- **Exercise description**: Pictures should not appear in the copy; the records themselves must be written out exactly.

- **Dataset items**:
--- START ---
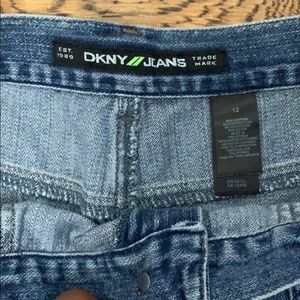 DKNY Jeans mini skirt. 100% cotton, unique functional pockets in the front. The skirt is soft and comfortable. It is 16 inches long total. No stains, rips or tears.
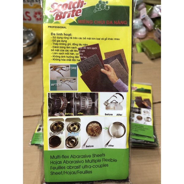 Nhà cửa & Đời sống > Dụng cụ chăm sóc nhà cửa > Miếng bọt biển, miếng chà vệ sinh || Miếng chùi nồi 3M Mỹ làm bóng nồi chảo Miếng đánh bóng bề mặt inox kim loại cước chùi bóng kim loại gỗ Scotch BriteCòn hàng
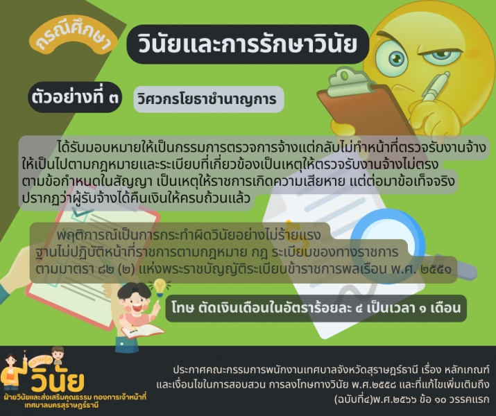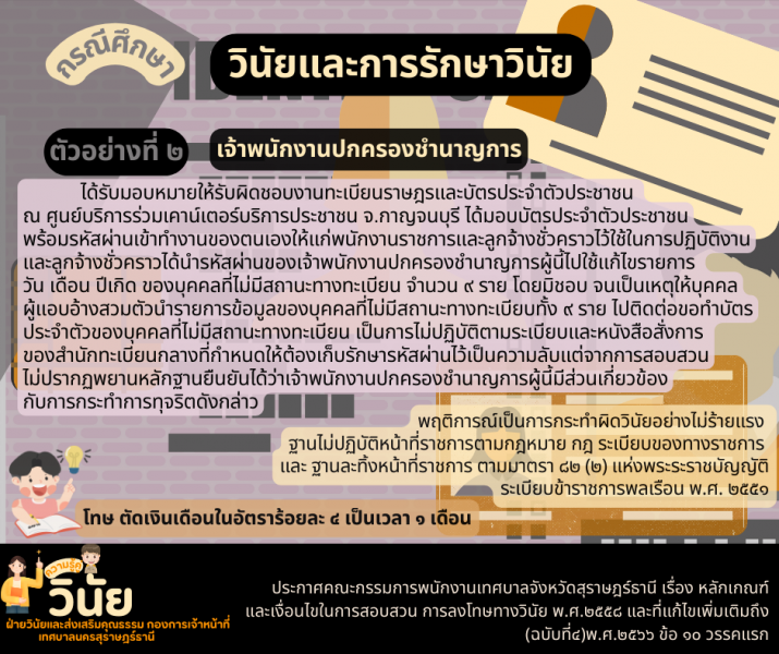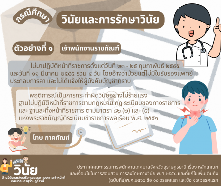 - กรณีศึกษา วินัยและการรักษาวินัย ฐานไม่ปฏิบัติหน้าที่ราชการตามกฎหมาย ฐานละทิ้งหน้าที่ราชการ และ ฐานประพฤติชั่ว
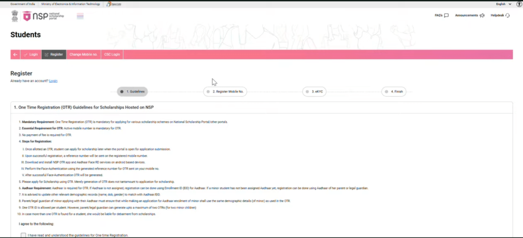 The NSP OTR registration is mandatory for ST and SC students. If a student does not register for OTR on the NSP portal, the application will be rejected.
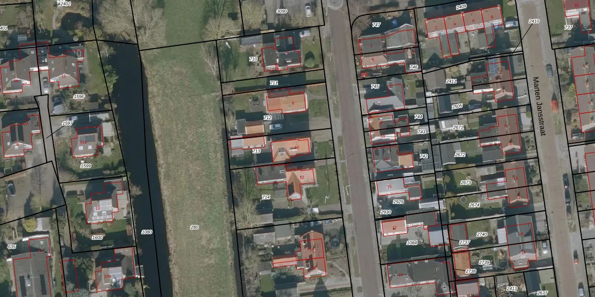 Gebruik de zoekbalk of klik op een perceel voor informatie over de adressen binnen dit perceel.
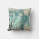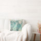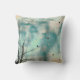Pássaros em árvores misturados com padrões de tinta aquosa em um bonito travesseiro.
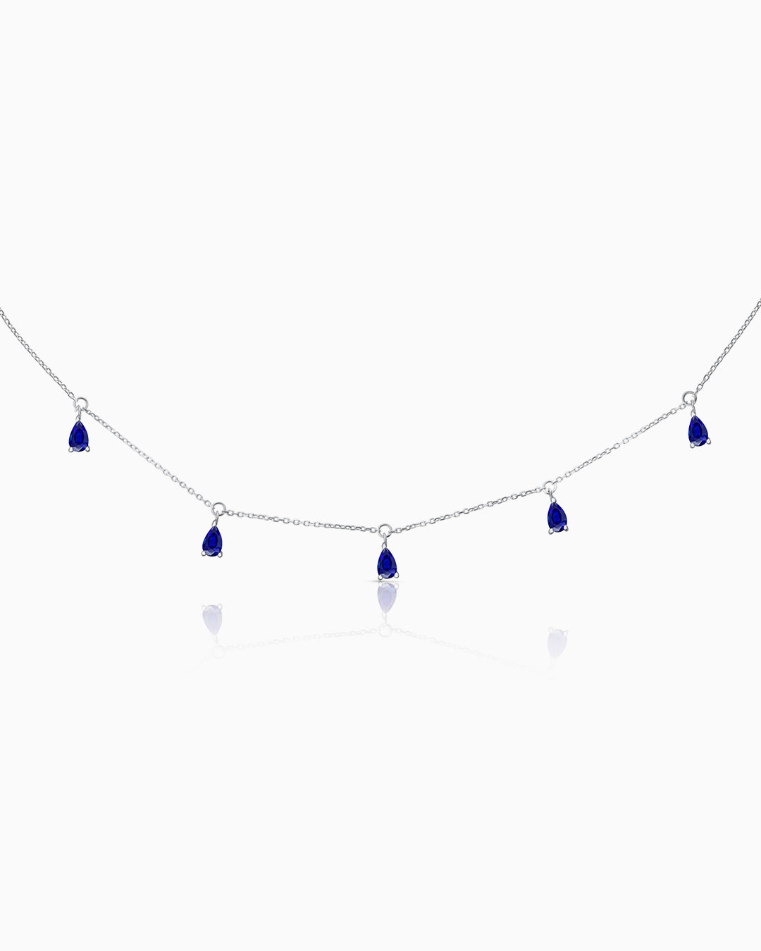 Gargantilha de safira Eternity Colors feita em ouro branco 18 quilates. O poder e a magia das cores ganham vida através do novo colar gargantilha Eternity Colors, projetado em três cores cheias de vitalidade e força. Composto por cinco magníficas safiras lapidadas em formato de pera que pendem delicadamente da corrente, traçando seu design elegante e surpreendente. Ele apresenta um fecho de mola especial criado pela Mumit e finalizado em uma delicada safira que permite que o comprimento da corrente seja ajustado conforme desejado. Esse recurso significa que a gargantilha pode ser usada como uma gargantilha ao redor do pescoço ou como uma gargantilha na altura da clavícula, permitindo infinitas possibilidades. Ideal para usar sozinho ou combinado com as outras gargantilhas da coleção.
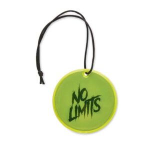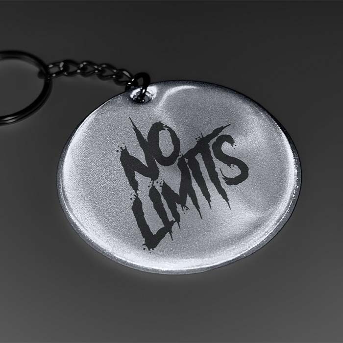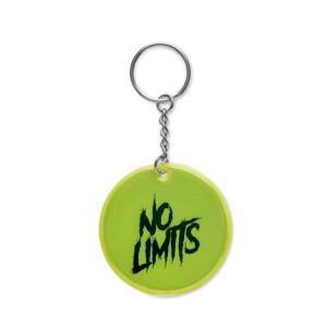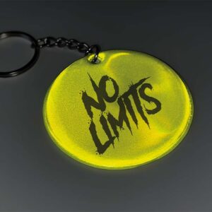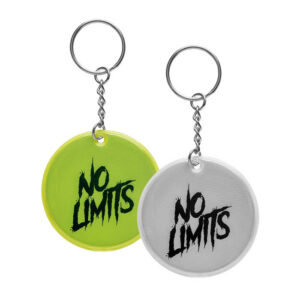 Helkurvõtmehoidja hõbeda- või kollasevärvilise helkivast fooliumist pinnaga, mis vastab CE EN17353 direktiivile.
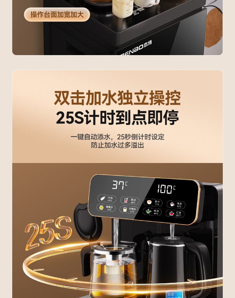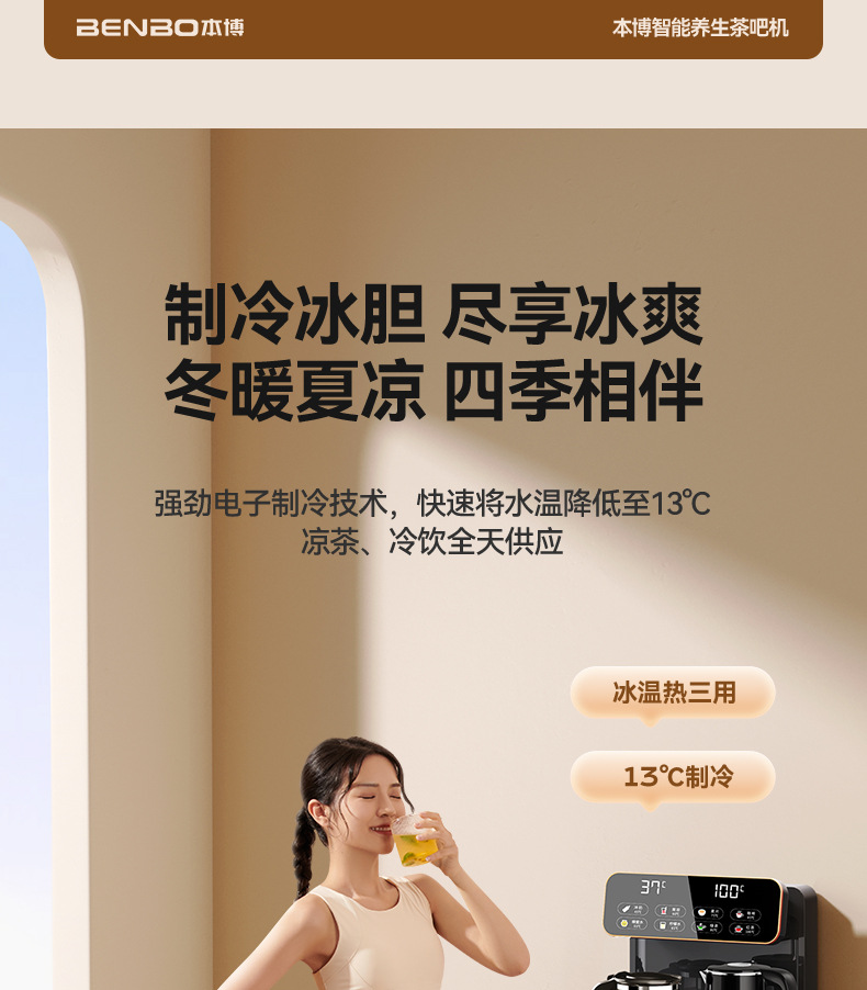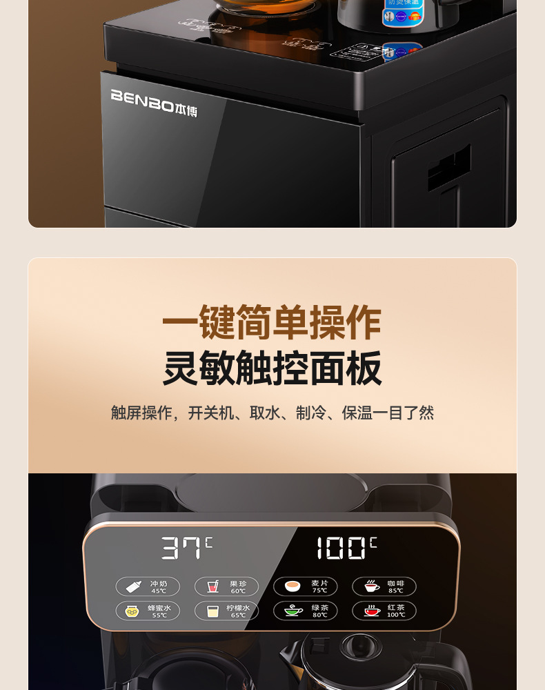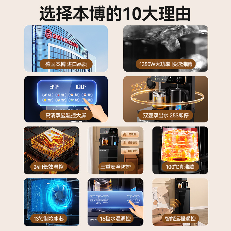 Машина для чайного бара Benbo, бытовой вертикальный диспенсер для льда и горячей воды двойного назначения, встроенный шкаф, полностью автоматический кипятильник и ведро для воды
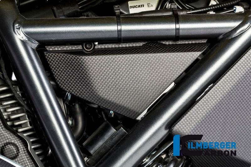 The cover under the Frame for the right side in Carbon with matt surface for the Ducati Scrambler 2016 is a direct replacement for the original component and contributes mainly to weight saving on the motorcycle and a higher stiffness of the parts.
--- END ---
- **Solution below**:
 DKNY Jeans mini skirt. 100% cotton, unique functional pockets in the front. The skirt is soft and comfortable. It is 16 inches long total. No stains, rips or tears.
 Nhà cửa & Đời sống > Dụng cụ chăm sóc nhà cửa > Miếng bọt biển, miếng chà vệ sinh || Miếng chùi nồi 3M Mỹ làm bóng nồi chảo Miếng đánh bóng bề mặt inox kim loại cước chùi bóng kim loại gỗ Scotch BriteCòn hàng
 - กรณีศึกษา วินัยและการรักษาวินัย ฐานไม่ปฏิบัติหน้าที่ราชการตามกฎหมาย ฐานละทิ้งหน้าที่ราชการ และ ฐานประพฤติชั่ว
 The NSP OTR registration is mandatory for ST and SC students. If a student does not register for OTR on the NSP portal, the application will be rejected.
 Gebruik de zoekbalk of klik op een perceel voor informatie over de adressen binnen dit perceel.
Pássaros em árvores misturados com padrões de tinta aquosa em um bonito travesseiro.
 Gargantilha de safira Eternity Colors feita em ouro branco 18 quilates. O poder e a magia das cores ganham vida através do novo colar gargantilha Eternity Colors, projetado em três cores cheias de vitalidade e força. Composto por cinco magníficas safiras lapidadas em formato de pera que pendem delicadamente da corrente, traçando seu design elegante e surpreendente. Ele apresenta um fecho de mola especial criado pela Mumit e finalizado em uma delicada safira que permite que o comprimento da corrente seja ajustado conforme desejado. Esse recurso significa que a gargantilha pode ser usada como uma gargantilha ao redor do pescoço ou como uma gargantilha na altura da clavícula, permitindo infinitas possibilidades. Ideal para usar sozinho ou combinado com as outras gargantilhas da coleção.
 Helkurvõtmehoidja hõbeda- või kollasevärvilise helkivast fooliumist pinnaga, mis vastab CE EN17353 direktiivile.
 Машина для чайного бара Benbo, бытовой вертикальный диспенсер для льда и горячей воды двойного назначения, встроенный шкаф, полностью автоматический кипятильник и ведро для воды
 The cover under the Frame for the right side in Carbon with matt surface for the Ducati Scrambler 2016 is a direct replacement for the original component and contributes mainly to weight saving on the motorcycle and a higher stiffness of the parts.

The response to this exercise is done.